Data Quality Checks
====

This module supports writing data quality checks on pandas dataframe.

.. code-block:: python

   from genie_pkg.dqc import QualityChecker
    check_spec = """
            apply checks {
                row_count > 10
                has_columns(["name", "dob"])
            }
            """
    df = pd.DataFrame([{'name': 'foo',
                        'dob': '1970-01-01'}])

    # if you pass ignore_column_case=True, column names in dataframe will be case insensitive
    check_results = df.dqc.run(check_spec, ignore_column_case=False(default))
    failures = list(filter(lambda x: not x[2], check_results))
    assert len(failures) == 0

    # To check if your spec is valid or not.
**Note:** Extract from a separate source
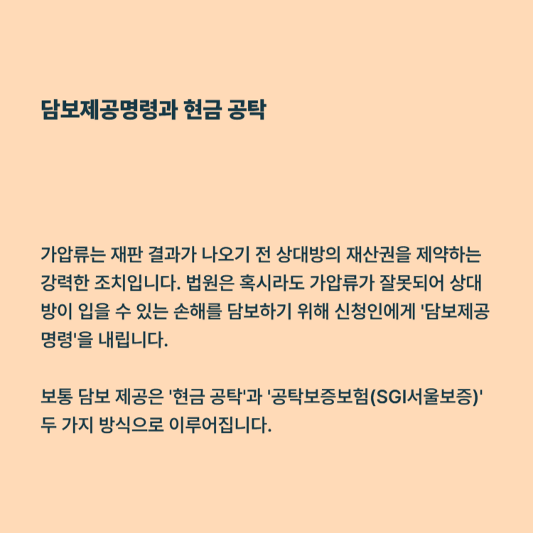 보통 담보 제공은 '현금 공탁'과 '공탁보증보험(SGI서울보증)' 두 가지 방식으로 이루어집니다.
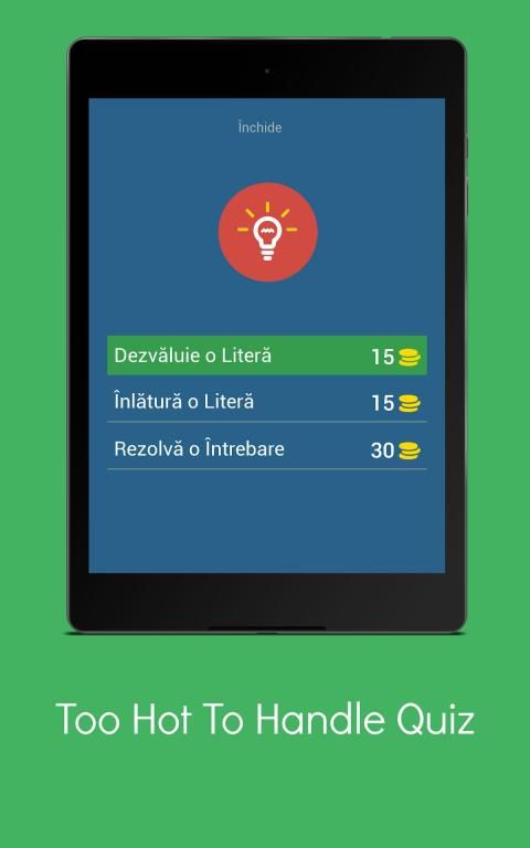 Principiul jocului este simplu - te uiti la fotografie cu persoana respectiva si trebuie ghicesti numele cu ajutorul literelor plasate pe ecran!

If it is bad, will return (error, False) else (None, True)
    QualityChecker.validate_spec(check_spec)


**Available simple checks**

- `row_count (> | < | ==) <rhs>`
- `has_columns(["c1", "c2"...], ignore_case=False|True default is False)`
- `is_unique(<column_name>)`
- `is_not_null(<column_name>)`
- `has_one_of(<column_name>, ["c1", "c2"...], ignore_case=False|True default is False))`
- `is_positive(<column_name>)`
- `quantile(<column_name>, <percentile>) (> | < | ==) <rhs>`
- `is_date(<column_name>, pass_percent_threshold=<1..100> default 100, ignore_nulls=False|True default is False)`
- `percent_of_values_have_length(<column_name>, pass_percent_threshold=<1..100> default 100, ignore_nulls=False|True default is False) == <rhs>` (handy for data like post_code or ipv4)


**Available complex checks**

- Apply checks on multiple columns of rows identified by the condition (supports strings only)

.. code-block:: python

    # Check column values using row identification. c1, c2, c3 and c4 are column names
    check_spec = """
                    apply checks {
                        when row_identified_by {
                            "c1": "v1",
                            "c2": "2"
                        } then {
                            "c3" == "v3",
                            "c4" == "v4"
                        }
                    }
                    """

    df = pd.DataFrame({"c1": "v1", "c2": "2", "c3": "v3"}, index=[0])
    # Returns [(check_name, None|column_name, True|False)]
    result = df.dqc.run(check_spec)